Decision trees have been around for several decades as a form of machine learning to mainly classify data. From my own experiences at school and Axis, I saw decision trees as simpler and more explainable when compared to neural networks, but also with less potential. However, it seems that they are used a lot in data mining, where the learning has to be done online. So here we will give a short introduction to decision trees and their online versions.

Basic Decision Trees

By learning from data decision trees recursively partitions the input domain into smaller and smaller subsets, trying to maximize the homogeneity in each such subset. Each data point is represented as some feature vector [x1, x2, x3 ...], and each node on the tree sends data points to different children nodes depending on the value of one of those features.

decision tree

This can be seen as dividing up the input domain into several nonintersecting hyper-rectangles. Then each data point will fall into one of those regions and be classified thereafter. The hyper-rectangles seen below are from the simple decision tree above with only two features.

decision tree regions

How to construct them

Here is pseudo-code for the construction of a very simple classifying decision tree. This is similar to the old algorithm ID3 and at each split it creates a new child for each possible value of the chosen feature. Another way, as shown in the figures above, is to do a binary split each time based on some inequality test. It uses the same ideas but is slightly finicky.

fn split(node, dataset)
    if !stopping_criterion(dataset)
        feature = best_split_feature(dataset)
        for value in possible_values(feature)
            child = new_node()
            split(child, {x | x[feature] == value} for x in dataset)
            node.add_child(child)
    else
        node.class = most_common_class(dataset)

The stopping criteria can be chosen in many ways. A simple solution is to have a lower threshold on the size of the dataset, and another is to threshold the maximum depth of the tree. A more complicated stopping criteria could look at how much information we would get out of the split, or how homogeneous the dataset is.

Information theory

The theory of decision trees uses information theory in order to formalize what it means to maximize the homogeneity, which is needed when selecting optimal splits of the dataset. These are often based on the notion of entropy (H), which measures the amount of randomness in a random variable.

H(X) = -\sum_{j}p_j log_2(p_j)

In the following graph, we show the entropy for a coin flip depending on how it is weighted. If it always or never gives heads we don't have any entropy, as there is no randomness. It is maximized when there is an equal probability for heads and tails, as is then as hard as possible to guess what will happen.

entropy

Using entropy we can define information gain (G) as the amount of information gained about one random variable by observing another random variable. For decision trees, this can be viewed as the decrease in entropy between the parent node and the weighted average of the child nodes for a split on a certain feature. So to select a good split we can maximize this. Here F is one of the features and v one of its possible values.

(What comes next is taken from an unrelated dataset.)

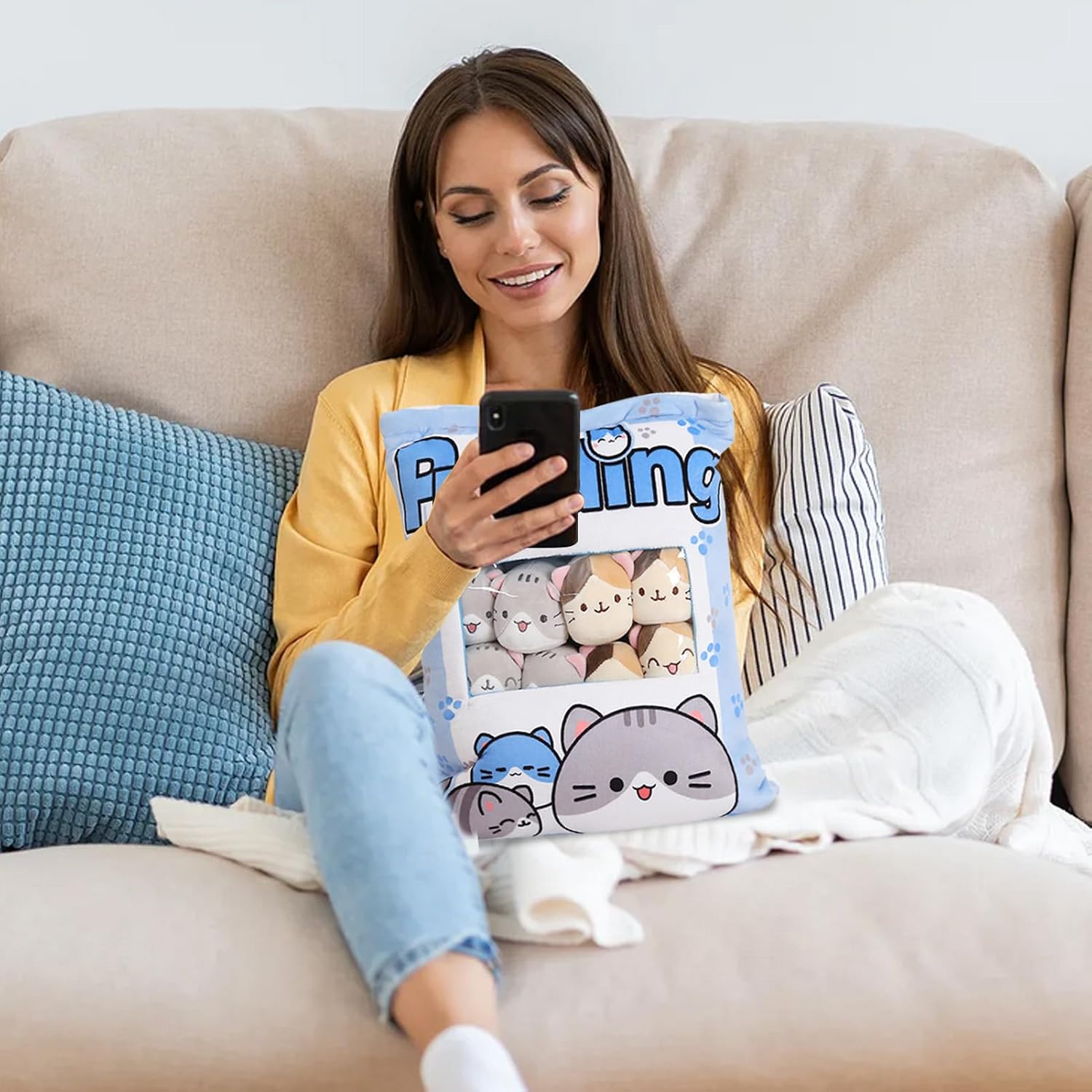 Design a forma di borsa per snack: questo in peluche presenta un design creativo a forma di borsa per snack, che rappresenta il modello del gatto in modo meraviglioso e contiene 8 figurine di gatto in peluche. La borsa per gli snack è rimovibile e i bambini adoreranno queste mini figurine di gatti. Adorabile e affidabile: progettato come un per snack per gatti e creativo, questo morbido si distingue per il suo adorabile aspetto da cartone animato e la sua espressione , che lo rendono un'aggiunta irresistibile all'arredamento della casa di ogni amante dei gatti. Pregevole fattura: goditi la qualità eccellente con il nostro per snack per gatti caratterizzato da pregevole fattura e cuciture accurate. Progettato per un tocco accogliente, è come per animali. Nessun filo inutile o punto allentato, aggiunge design e comfort al tuo divano, letto o sedia. Morbido e delicato: sperimenta un comfort morbido come mai prima d'ora con questo per snack per gatti realizzato in materiale peluche delicato sulla pelle e imbottitura in cotone. È delicato sulla pelle e garantisce ogni volta un'esperienza di confortevole. ovunque: goditi il fascino e accogliente di questo per snack per gatti in più scene. Dal divano del soggiorno alla camera da letto, all'auto, al dormitorio o all'appartamento, questo versatile e adorabile peluche a forma di animale si adatta a qualsiasi spazio.

G(X, F) = H(X) - \sum_v\frac{|X_v|}{|X|}H(X_v), \hspace{2em} X_v = \{x \in X~|~x[f] = v\}

If we don't want to create a child for each possible value of the feature we can combine some $X_v$ by taking the union of the sets and summing over those unions. Or if we have a continuous variable we can only create two children and have $X_v$ be the samples in each of them, but then you have to find where to split which can be expensive.

Overfitting

Classical decision tree algorithms are very prone to overfitting, as they can continue building the tree until it is completely pure. A simple solution is to not make it completely pure, like the stopping criteria in our pseudo code. However, here we will look closely at two more interesting methods, namely pruning and random forests.

Pruning

Pruning is when we remove leaves (bottommost nodes) in the tree to make it smaller and reduce overfitting. The simplest way is to iterate over all twigs (nodes whose children are all leaves) and remove those who don't contribute that much information gain.

Another approach could be to split the data set into training and validation and use the validation for pruning only. Then we can use the tree to classify the validation set and prune the twigs which misclassify the most.

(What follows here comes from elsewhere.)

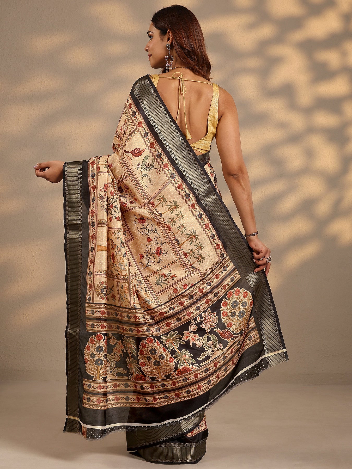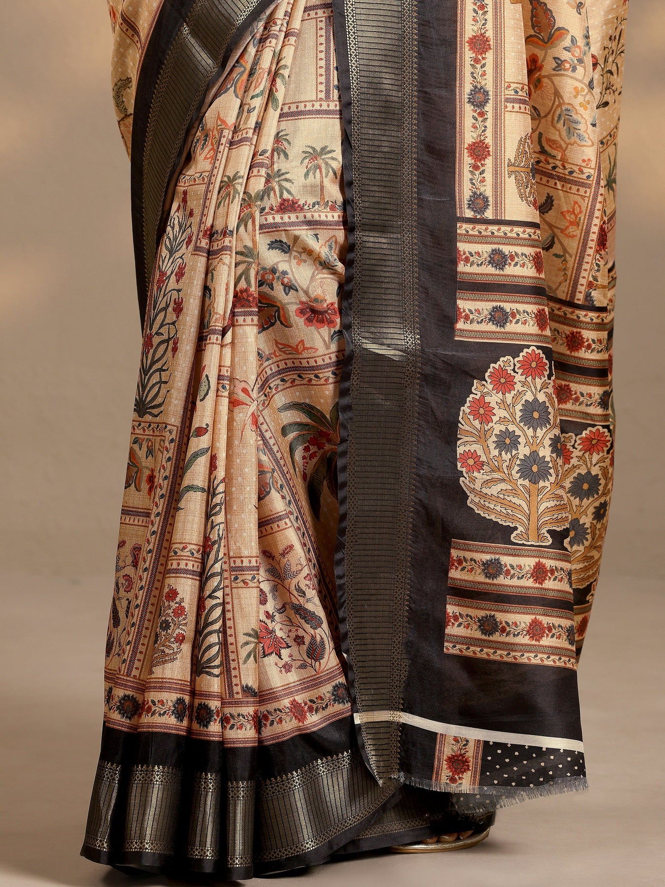 Our Beige Printed Silk Blend Saree Features Captivating Floral Print. Complemented With A Blouse Piece. This Charming Saree Is Perfect For Festive Occasions.

There are other ways to prune we won't go into, such as minimizing computational complexity or randomized pruning of entire subtrees.

Random Forest

Here we train several decision trees, and during classification combine their votes (eg. take the weighted average). To not have them all be identical (just as using one) they must train on different training data sets. The following methods and image are from a lecture in the Applied Machine Learning course I took at LTH, given by Elin Anna Topp.

One way is to use so-called bootstrap replication, as shown below. Here the idea is to, for each tree, sample (with replacement) a number of points from the training data and use them for training. As the sampling is different for each tree they should hopefully not be overfitted in the same ways.

bootstrap replication

Another similar idea is bagging (bootstrap aggregating) which trains a number of classifiers as above, but then estimates all of their performances on the original data after training. Those performance scores can for example be used as weights when voting on classifications.

A third idea is called boosting (eg. AdaBoost) and its base idea is to turn several weak learners (trees) into a strong one. Here we build the separate trees in sequence and over time adjust some learning weight for each training sample. If one tree misclassifies a sample it will increase that sample's weight, increasing the probability that successive trees will learn to classify it correctly. The hope then is that they will fail at different things and that their combined classification will be robust and stronger than each individual tree.

Hoeffding Trees

The construction as described so far requires you to recursively partition the dataset, but now we want to create an online training algorithm to be able to use for streams. This idea comes from the paper Mining High-Speed Data Streams by Pedro Domingos and Geoff Hulten back in 2000. The idea is that we only need relatively few training samples to decide which feature to split at for each node. Once enough samples have been found for a node to make a decision it is split and succeeding examples are passed down to the new children.

To decide how many samples are required for these splits they use the statistical Hoeffding bound. Given a real-valued random variable $r$ whose range is $R$ , and of which we have made $n$ independent observations, computing its mean $\bar{r}$ . Then the Hoeffding bound states that the error of the approximated mean is at most $\epsilon$ with a probability of $\delta$ , where

\epsilon = \sqrt{\frac{- R^2 ln(\delta)}{2n}}.

The idea then is to use this to collect samples in a node, until we with a probability of $1 - \delta$ know which is the optimal split. This is done by continually computing the information gain for the features, and comparing if the difference between the two largest gains is big enough.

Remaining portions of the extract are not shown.